リヒトはアミィの膝の上、そして両脇からタミィとシャミィが乳児の柔肌に手を伸ばす。このように眷属達が付いているから、夜の湯浴みに侍女や乳母を伴うことはない。
それにシャルロットは、あまり多くがいるとオルムル達が気詰まりだと思ったようだ。
──シュメイ……オルムルは?──
シャルロットはシュメイを抱き上げ、密やかな思念を送ってきた。
先ほど脱衣所から察したように、シャルロットは思念の扱いに随分と慣れてきたようだ。今もシュメイだけに対象を限定しているし、魔力波動も抑えているから他には感じ取れないだろう。
──先ほどの件です……だから──
──そうでしたか──
見上げるシュメイに、シャルロットは優しく微笑み返す。
ヴァシュカが語ったことはシノブ達に伝えていない。シュメイを含め、先々驚かせたいと思ったからだ。
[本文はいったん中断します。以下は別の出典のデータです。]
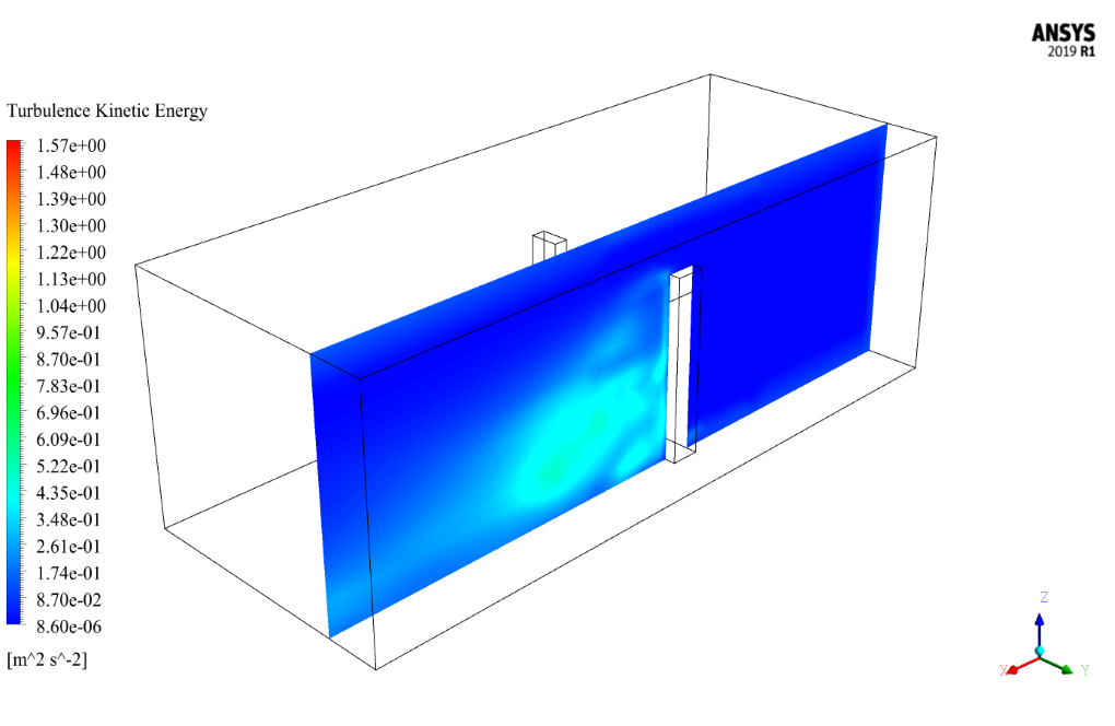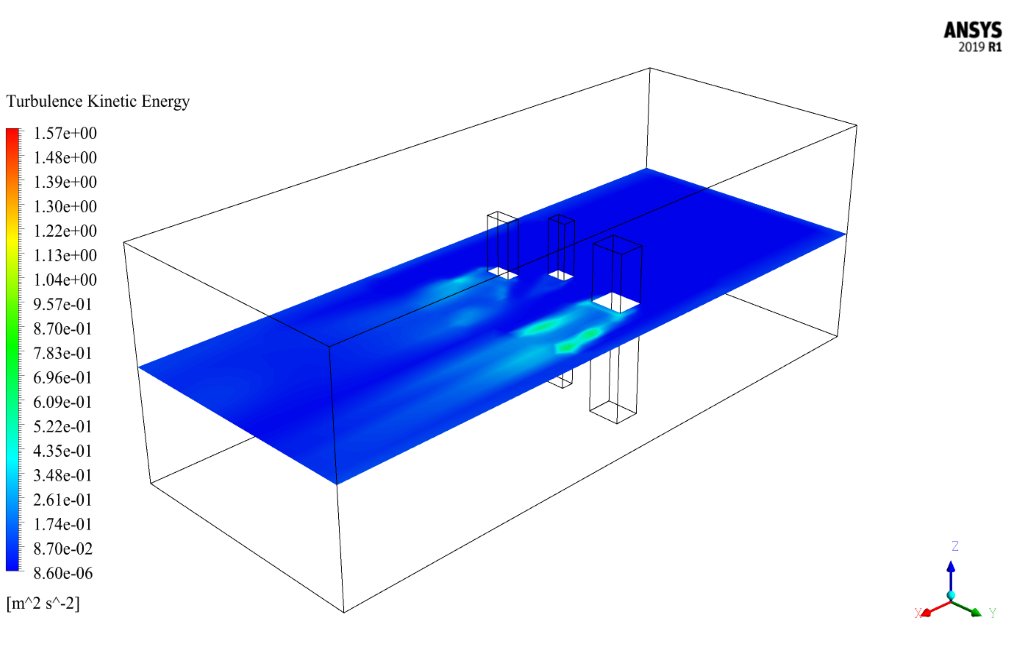 Also, from the velocity contours, it is visible that the vortex occurs on the backward faces of the buildings. Turbulence kinetic energy, pathlines, and vectors are also extracted and analyzed. All contours, pathlines, and velocity vectors are obtained in the final second of the solution process, after 1s.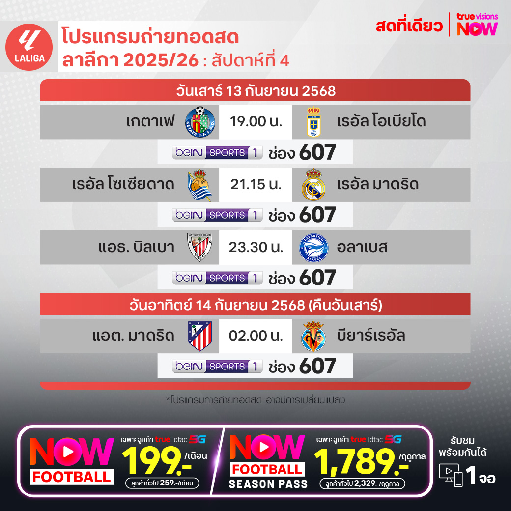วันนี้มีอะไรดูที่ ทรูวิชั่นส์ ประจำวันเสาร์ที่ 13 กันยายน 68 ยังคงมีกีฬาที่น่าสนใจให้ได้ตามลุ้นตามเชียร์กันเหมือนเดิม โดยในส่วนของฟุตบอลยังมีศึก ลา ลีกา สเปน, บุนเดสลีกา เยอรมนี, สกอตติช พรีเมียร์ชิพ และ ซาอุดิ โปร ลีก ให้ได้ตามเชียร์กันต่อ ส่วนคอมอเตอร์สปอร์ต พลาดไม่ได้กับศึก โมโต จีพี รายการ กรังด์ปรีซ์ ออฟ ซาน มาริโน่ ขณะที่กีฬาอื่นๆ ยังมีเทนนิสหญิง ดับเบิ้ลยูทีเอ ทัวร์ รายการ กัวดาลาฮารา โอเพ่น, กอล์ฟ พีจีเอ ทัวร์ รายการ โปรคอร์ แชมเปี้ยนชิพ, ดีพี เวิลด์ ทัวร์ รายการ บีเอ็มดับเบิ้ลยู พีจีเอ แชมเปี้ยนชิพ, แอลพีจีเอ ทัวร์ รายการ โครเกอร์ ควีน ซิตี้ แชมเปี้ยนชิพ, แบดมินตัน บีดับเบิ้ลยูเอฟ รายการ ฮ่องกง โอเพ่น, เมเจอร์ ลีก เบสบอล, รักบี้ แชมเปี้ยนชิพ, วอลเลย์บอล เยียวซุ นงฮยับ คัพ และ วอลเลย์บอล เอสวี ลีก เวิลด์ ทัวร์ งานนี้ ทรูวิชั่นส์ จัดเต็มให้ชมกันถึงบ้าน

ただし将来良いことがあると明かしたから、シャルロットも重ねて問いはしない。
どうもシャルロットは、常と異なるオルムルの様子から何かあると察したらしい。その気遣いに感謝しつつ、シュメイは頭を擦り寄せる。
超越種も幼いうちは肌が柔らかいし、鱗も柔軟だ。魔力を篭めれば鋼鉄より硬くもなるが、普段はリヒトの柔肌と大差ないくらいである。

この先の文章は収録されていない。